Cobra is a Continuous Integration server that'll run your tests on demand and report their pass/fail status.
Because knowing may get you killed
RubyGems:
$ gem install cobra
$ git clone git://github.com/you/yourrepo.git
$ cobra yourrepo
Boom. Navigate to http://localhost:4567 to see Cobra in action.
Check cobra -h
for other options.
Basically you need to run cobra
and hand it the path to a git
repo. Make sure this isn't a shared repo: Cobra needs to own it.
Cobra looks for various git config settings in the repo you hand it. For
instance, you can tell Cobra what command to run by setting
cobra.runner
:
$ git config --add cobra.runner "rake -s test:units"
Cobra doesn't care about Ruby, Python, or whatever. As long as the runner returns a non-zero exit status on fail and a zero on success, everyone is happy.
Need to do some massaging of your repo before the tests run, like
maybe swapping in a new database.yml? No problem - Cobra will try to
run .git/hooks/after-reset
if it exists before each build phase.
Do it in there. Just make sure it's executable.
Want to notify IRC or email on test pass or failure? Cobra will run
.git/hooks/build-failed
or .git/hooks/build-worked
if they exist
and are executable on build pass / fail. They're just shell scripts -
put whatever you want in there.
Tip: your repo's HEAD
will point to the commit used to run the
build. Pull any metadata you want out of that scro.
Want Cobra to run against a branch other than master
? No problem:
$ git config --add cobra.branch deploy
Cobra runs just one build at the time. If you expect concurrent push's to your repo and want Cobra to build each in a kind of queue, just set:
$ git config --add cobra.buildallfile tmp/cobra.txt
Cobra will save requests while another build runs. If more than one push hits Cobra, he just picks the last after finishing the prior.
Campfire notification is included, because it's what we use. Want Cobra
notify your Campfire? Put this in your repo's .git/config
:
[campfire]
user = [email protected]
pass = passw0rd
subdomain = whatever
room = Awesomeness
ssl = false
Or do it the old fashion way:
$ cd yourrepo
$ git config --add campfire.user [email protected]

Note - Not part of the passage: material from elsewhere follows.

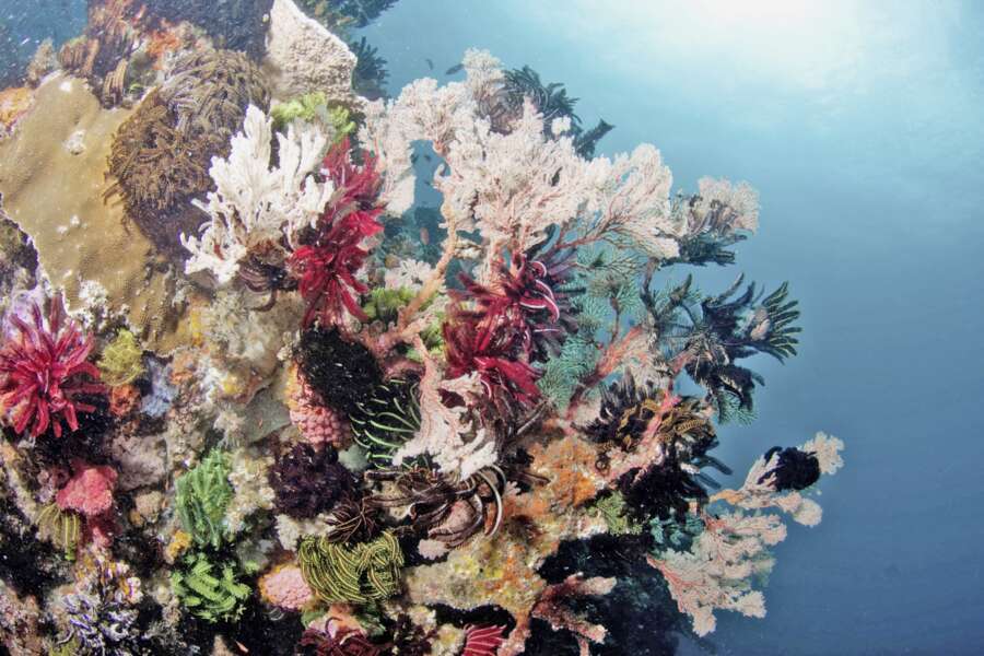Tauchrevier Die 15 Tauchplätze sind alle in 10–90 Minuten erreichbar. Der nördliche Teil des Nationalparks begeistert die Makro-Fans und Korallenliebhaber mit flach abfallenden Riffen in allen Farben und Formationen. Im Süden herrscht mehr Strömung und dementsprechend ergeben sich große Chancen auf Großfische wie Mantas und Haie.

$ git config --add campfire.subdomain github
etc.
Want to see how your build's doing without any of this fancy UI crap? Ping Cobra for the lowdown:
curl http://localhost:4567/ping
Cobra will return 200 OK
if all is quiet on the Western Front. If
Cobra's busy building or your last build failed, you'll get 412 PRECONDITION FAILED
.
Want CI for multiple projects? Just start multiple instances of Cobra!

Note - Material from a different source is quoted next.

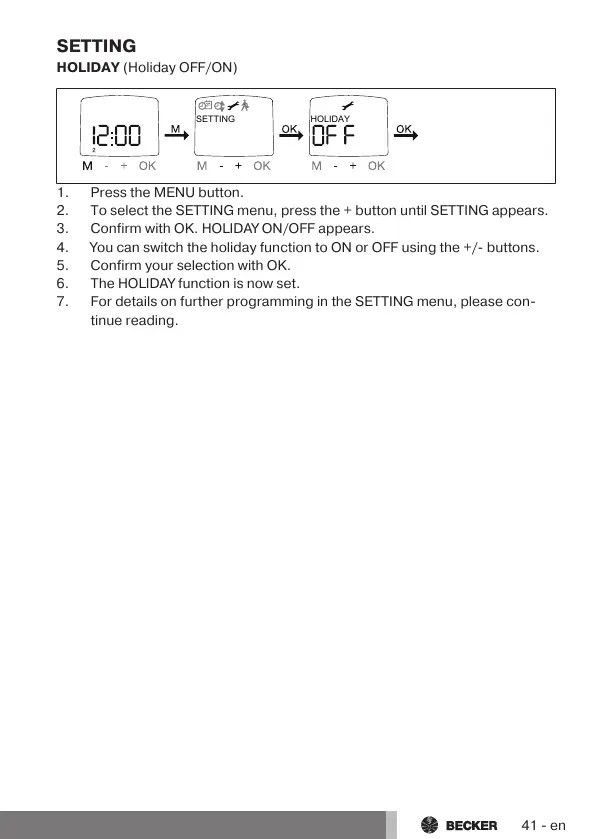 3.Confirm with OK. HOLIDAY ON/OFF appears.

He can run on any port - try cobra -h
for more options.
If you're using Passenger, see this blog post.
Worried about people triggering your builds? Setup HTTP auth:
$ git config --add cobra.user chris
$ git config --add cobra.pass secret
Any POST to Cobra will trigger a build. If you are hiding Cobra behind HTTP auth, that's okay - GitHub knows how to authenticate properly.
You can find the Post-Receive option under the 'Service Hooks' subtab of your project's "Admin" tab.
Want to run Cobra as a daemon? Use nohup
:
$ nohup cobra -p 4444 repo &
Need more features? More notifiers? Check out one of these bad boys:
( Matthew jording :: [email protected] )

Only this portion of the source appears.